Then it _is_ as in English.  

Isn't is amazing -- it is to me -- how often simple questions turn out to have layers & layers?  Language is astonishing.

(May I offer a correction?  Your English is magnificent, elliest_5, but in writing you sometimes incorrectly double letters: "sad[d]ness," "ap[p]art."  [As I imagine you know, the doubling of letters in English is unreliably dependent on phonetics and contingent on history.]  If I'm out of line forgive me, but I hope you'll return the favor, on my far more elementary level, when I venture some Greek.  Προσπαθώ να μάθω, αλλά τον εγκέφαλό μου είναι ηλικιωμένο.)

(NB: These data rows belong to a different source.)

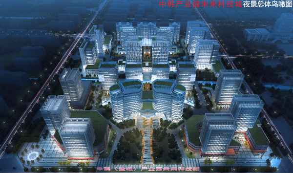 中韓(鹽城)產(chǎn)業(yè)園未來科技城夜景鳥瞰
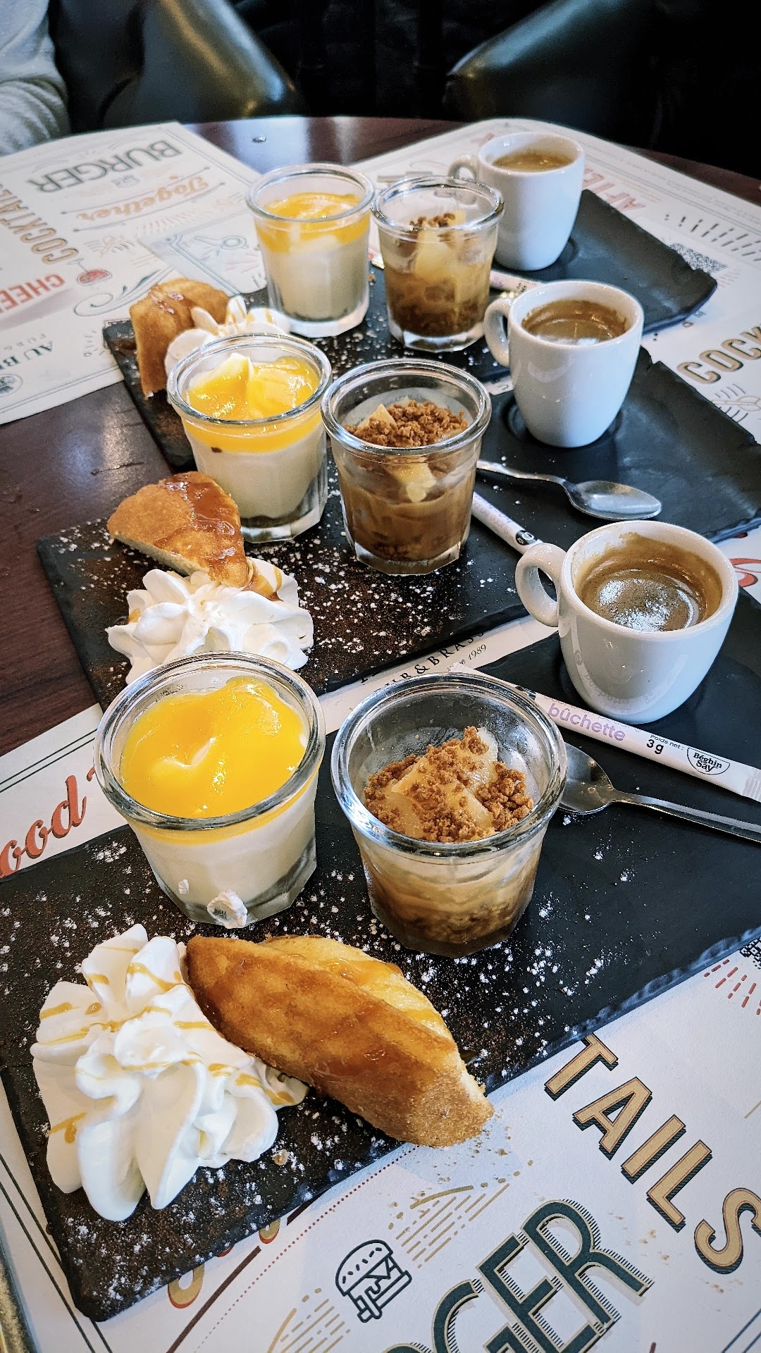 Vraiment déçue car à l apéro les doses sont infimes, les plats froids et les quantités moindres. Il y a que les hamburgers qui sont bons. L ambiance est très bruyante une horreur pas possible de parler sans crier. On y retournera pas. Heureusement les serveurs sont sympathiques
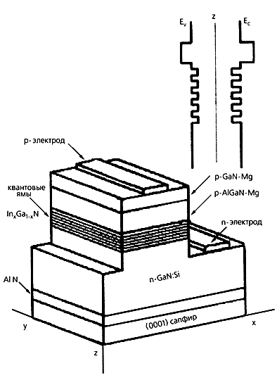 Схема светодиода на основе гетероструктур типа InGaN/AlGaN/GaN с множественными квантовыми ямами.

Thanks again.  I'll go ahead with "...went mistrustful behind his song," now with more confidence.


----------



## elliest_5

OssianX said:


> (May I offer a correction?  Your English is magnificent, elliest_5, but in writing you sometimes incorrectly double letters: "sad[d]ness," "ap[p]art."  [As I imagine you know, the doubling of letters in English is unreliably dependent on phonetics and contingent on history.]  If I'm out of line forgive me, but I hope you'll return the favor, on my far more elementary level, when I venture some Greek.  Προσπαθώ να μάθω, αλλά τον εγκέφαλό μου είναι ηλικιωμένο.)


ha ha! thanks for the correction! I do have this tendency to double consonants (I even do it in Greek! ) - I usually notice the mistake when I reread my texts, but when I write fast they just evade my attention (and I think that the spell-check in word corrects this kind of mistakes automatically, which does not help you learn from your mistakes)
Anyway, we 're all learners here, so corrections and comments are always more than welcome!! (oh, and your Greek is great - you should have used Nominative case for "εγκέφαλος"+"ηλικιωμένος"  in that phrase - "ο εγκέφαλός μου είναι ηλικιωμένος", but apart from that it's fine  - and don't worry, there's no age limit to learning a new language!)


----------